Roses should bloom in the borders
of my home, and rocky cisterns
should hold secret tears of flowers
afraid to see the summer end.
Lovers who part, I pray, return,
inspired by secret melody,
never forgetting their garden
dreams, sleepless nights, and memory. . . .
Francois Villon, I can't go on.
Moths have eaten the angel's wings.
The sun has died and a new moon
lifts behind the silent black fog
like a blind man's startled fingers
reading the blankness of empty
rooms. I cry in shadows of vague
dreams, sleepless nights, and memory.
She dressed like a Chinese dancer,
a revolution of thin hips
fluttering purple hummingbirds
at her thighs; then, Villon, she stepped
into meadows where flowers weep.
One moment I thought we were freed
from old concerns and my locked up
dreams, sleepless nights, and memory,
but we couldn't seduce the guards.
We were hiding in suburban
cellars, dining on insects, starved
prisoners losing time on cold stone
floors in cages of love.
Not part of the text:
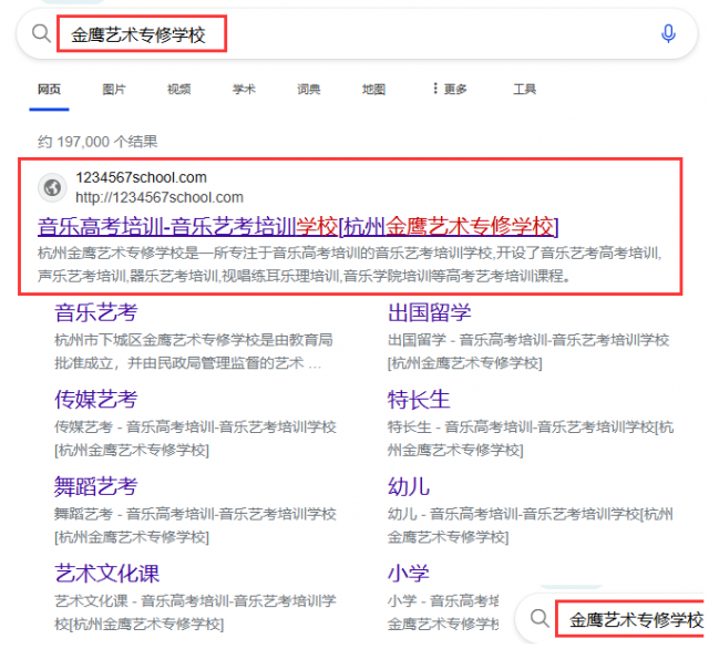 金鹰艺术专修学校也有自己的网站,想要了解金鹰艺术专修学校的考生和家长也可以前往咨询,会有专门的接待人员回答呢。直接搜索“金鹰艺术专修学校”如下图,第一个就是啦!

Visions
descended then to our lips, seized
tongues, pressed moist kisses in
dreams, sleepless nights, and memory. . . .
But can I remember always
hands never held, a hungry mouth
that never wet the hip's tense shape,
the pearls of her breasts never soft
from tides washing in on the shore?
Memories are dreams of need,
wakened desires. I want no more
dreams, sleepless nights, and memory!
Villon, savior, can't you hear? I
no longer have this wish to be
a saint of love, free me from my
dreams, sleepless nights, and memory!